Thereafter it was really tough for Devine (11), Katey Martins (21) and Amelia Kerr (seven) to free their arms as the maintained a disciplined line and length as the trio consumed a combined 90 balls for just 39 runs. With New Zealand 83/6 in the 28th over and t7he way wickets kept tumbling on, it looked like once reaching 150 would be a big deal.
But a 60-run vital partnership from Katie Perkins (32) and Maddy Green (35) down the order helped the visitors cross the 150-run mark in the 44th over. Hayley Jensen (21) produced a brief knock late in the innings to propel her team to 180 all out in 49.5 overs.

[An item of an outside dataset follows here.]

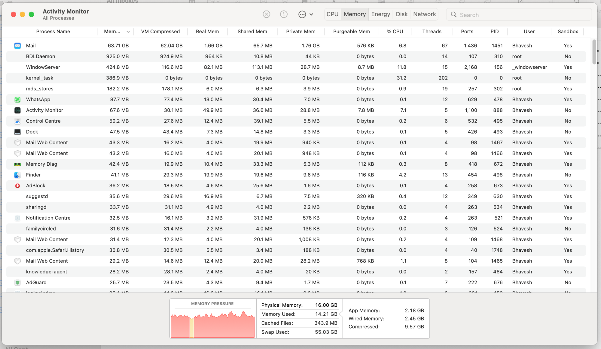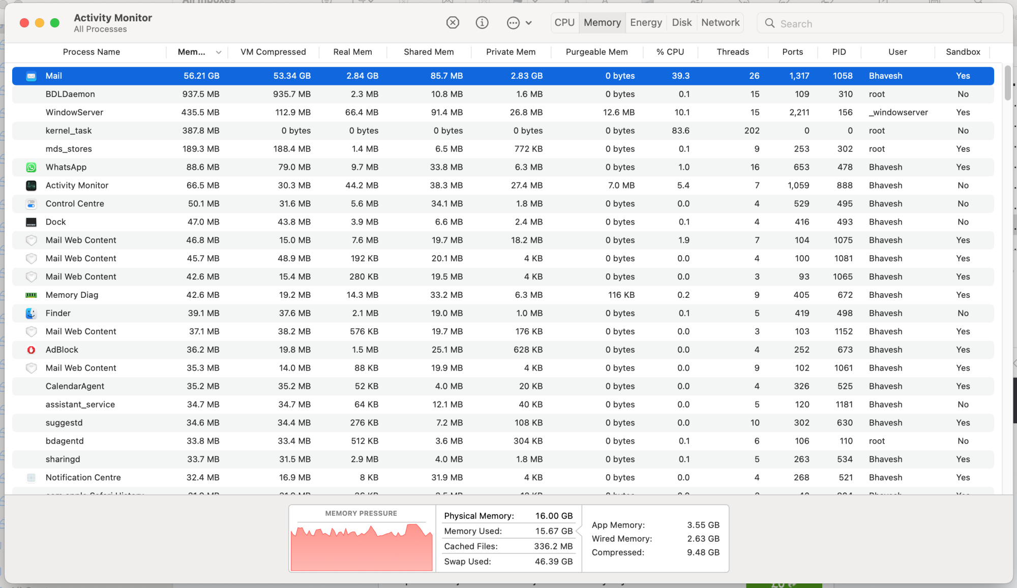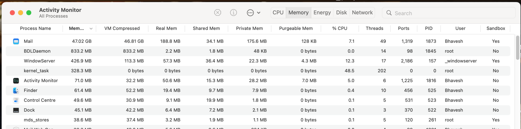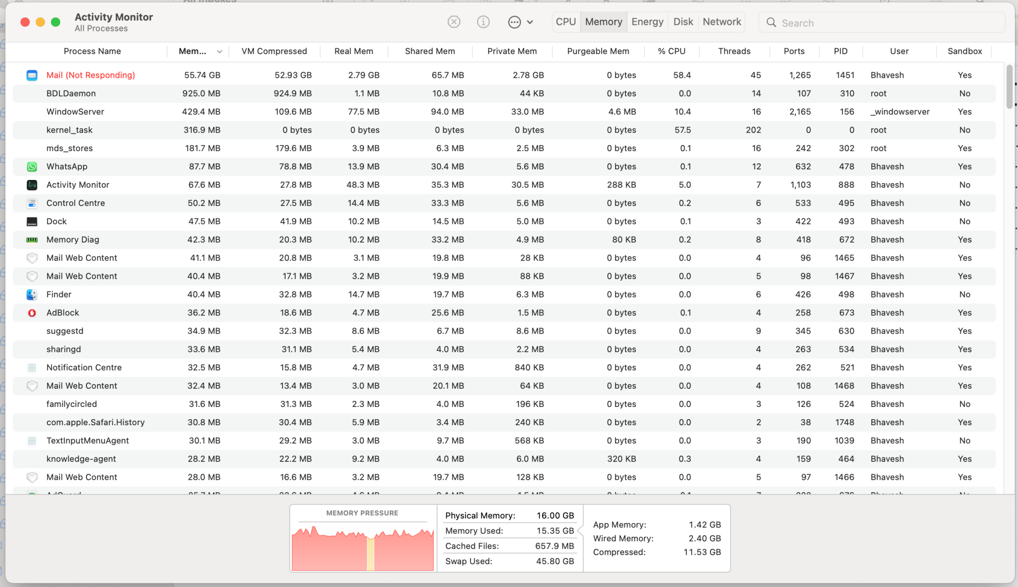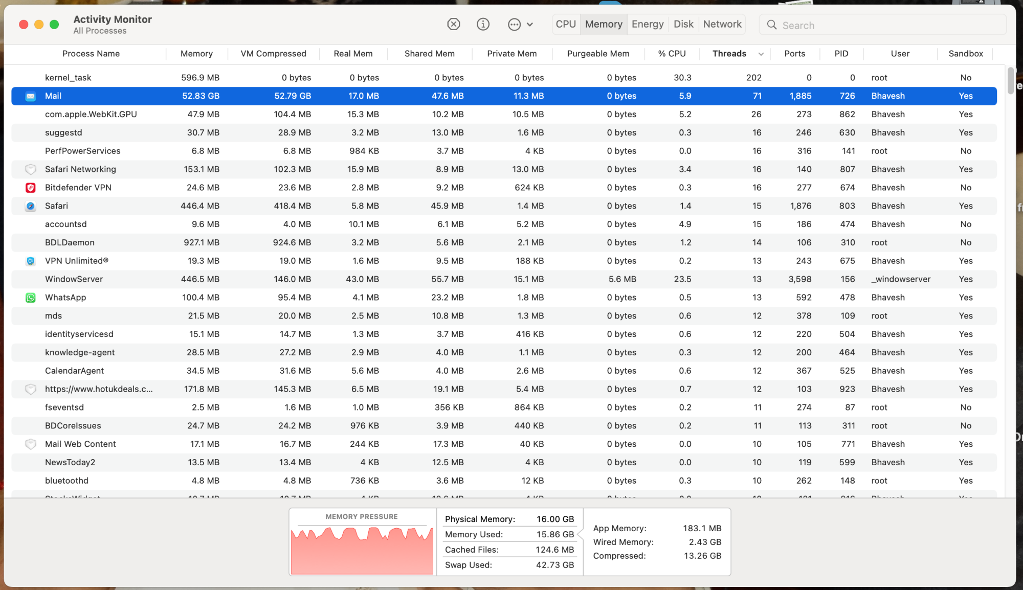 Whenever I open up the Mail App, it pretty much maxes out the RAM very quickly & the whole computer starts to become very laggy & starts to freeze. I get messages saying Memory Level is Critical over & over again. The unit basically becomes unusable. The RAM usages goes to Zero & then drops down to around 7% remaining & fluctuates constantly between these two numbers.

Wareham proved to be most economical among the spin trio giving away only 23 runs in her 10 overs picking up two wickets in the process. Sophie Molineux and Jonassen had their figures 10-3-28-2 and 9.1-0-29-2, respectively. Meanwhile, Gardner had to leave the field midway after she injured her finger while taking the second of her three catches and was taken for X-Ray. Although, she was available to bat but not required.
Brief scores: New Zealand 180 all out in 49.5 overs (Katie Perkins 32, Maddy Green 35; Georgia Wareham 2/23, Sophie Molineux 2/28, Jess Jonassen 2/29) lost to Australia 181/3 in 33.4 overs (Meg Lanning 62*, Rachael Haynes 44; Rosemary Mair 2/21) by seven wickets. POTM: Georgia Wareham.